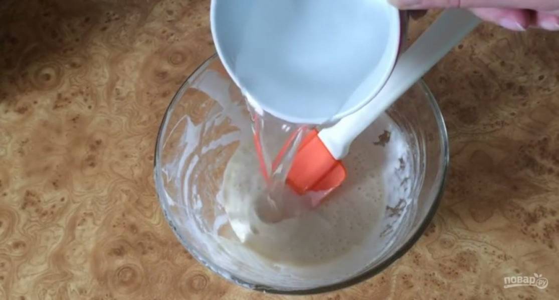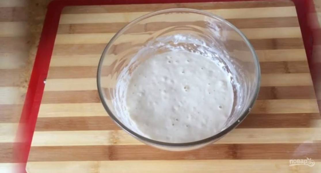 1. Для приготовления закваски стартер смешайте с водой комнатной температуры и просеянной мукой и накройте. Оставьте при комнатной температуре на 6-8 часов.
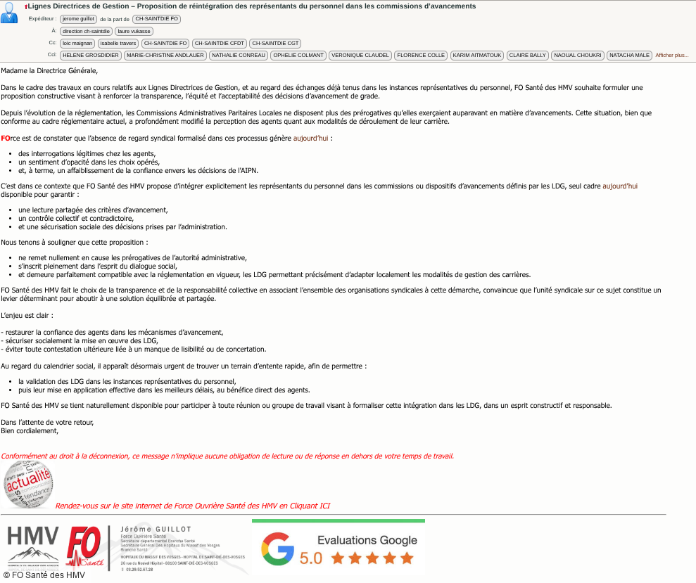 FO a même formalisé cette demande dans un mail complet adressé à la direction générale le 20 février 2026, en amont du dernier groupe de travail.
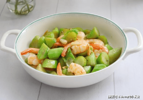 鍋內加油,燒熱後放入蝦仁翻炒,炒到變色時盛出。接著倒入薑蒜爆香,再倒入絲瓜翻炒,炒到微軟。
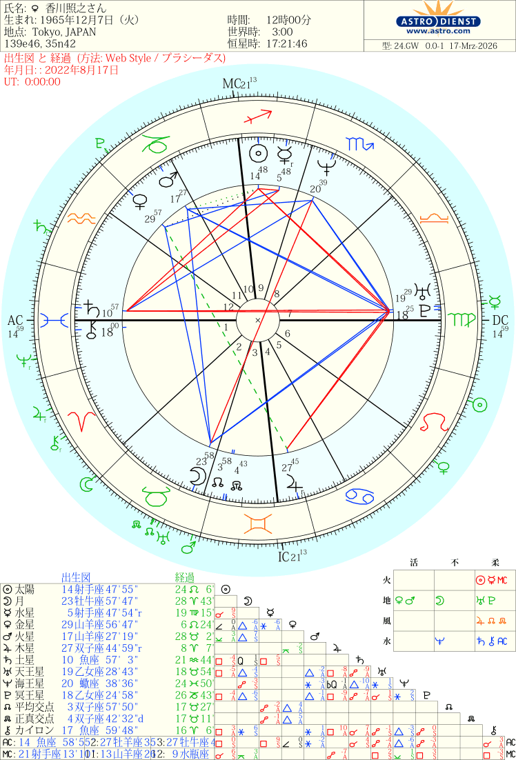 香川さんの場合は土のグランドトラインが出来ていて、そこに冥王星天王星180度土星と、海王星180度月のカイト二本がささっていて、土の伝統的な芸能や型の世界を、ずっとやっていけるパワーがバリバリにあふれているのでございます。
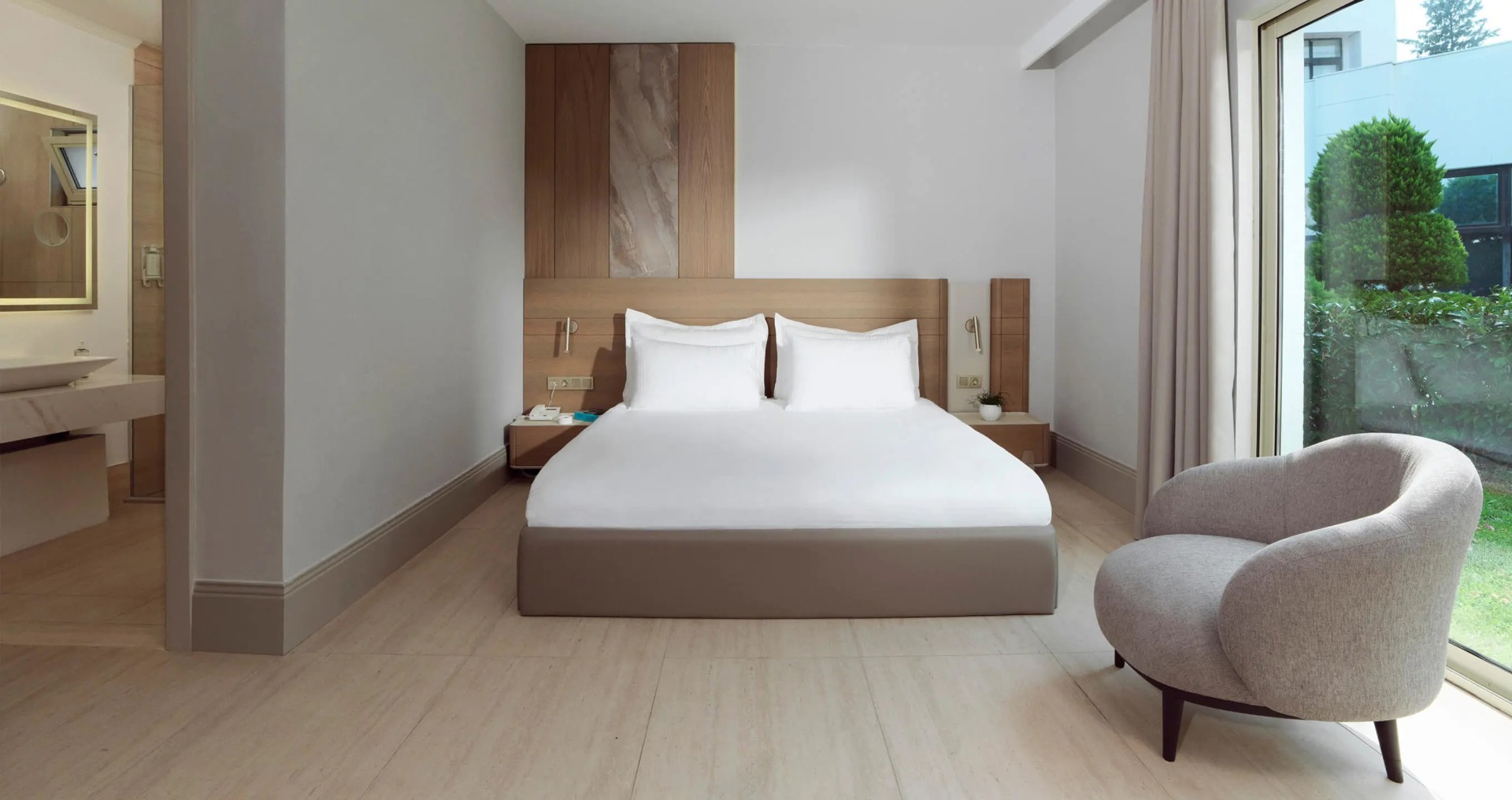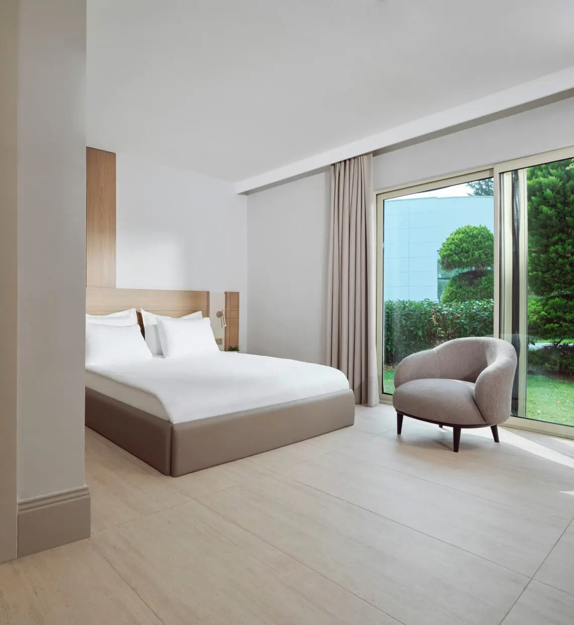 The wellness and relaxation experience is centered around a comprehensive spa complex featuring Turkish Bath, sauna, steam rooms, massage therapies, beauty treatments, and a fully equipped fitness center. Designed to restore balance and energy, the spa complements the resort’s stylish yet relaxing ambiance.
= = = = = = =
- Work order
Repeat the records above exactly, from the first line through the line that contains "香川さんの場合は土のグランド", and leave out the pictures.

- Task output
 1. Для приготовления закваски стартер смешайте с водой комнатной температуры и просеянной мукой и накройте. Оставьте при комнатной температуре на 6-8 часов.
 FO a même formalisé cette demande dans un mail complet adressé à la direction générale le 20 février 2026, en amont du dernier groupe de travail.
 鍋內加油,燒熱後放入蝦仁翻炒,炒到變色時盛出。接著倒入薑蒜爆香,再倒入絲瓜翻炒,炒到微軟。
 香川さんの場合は土のグランドトラインが出来ていて、そこに冥王星天王星180度土星と、海王星180度月のカイト二本がささっていて、土の伝統的な芸能や型の世界を、ずっとやっていけるパワーがバリバリにあふれているのでございます。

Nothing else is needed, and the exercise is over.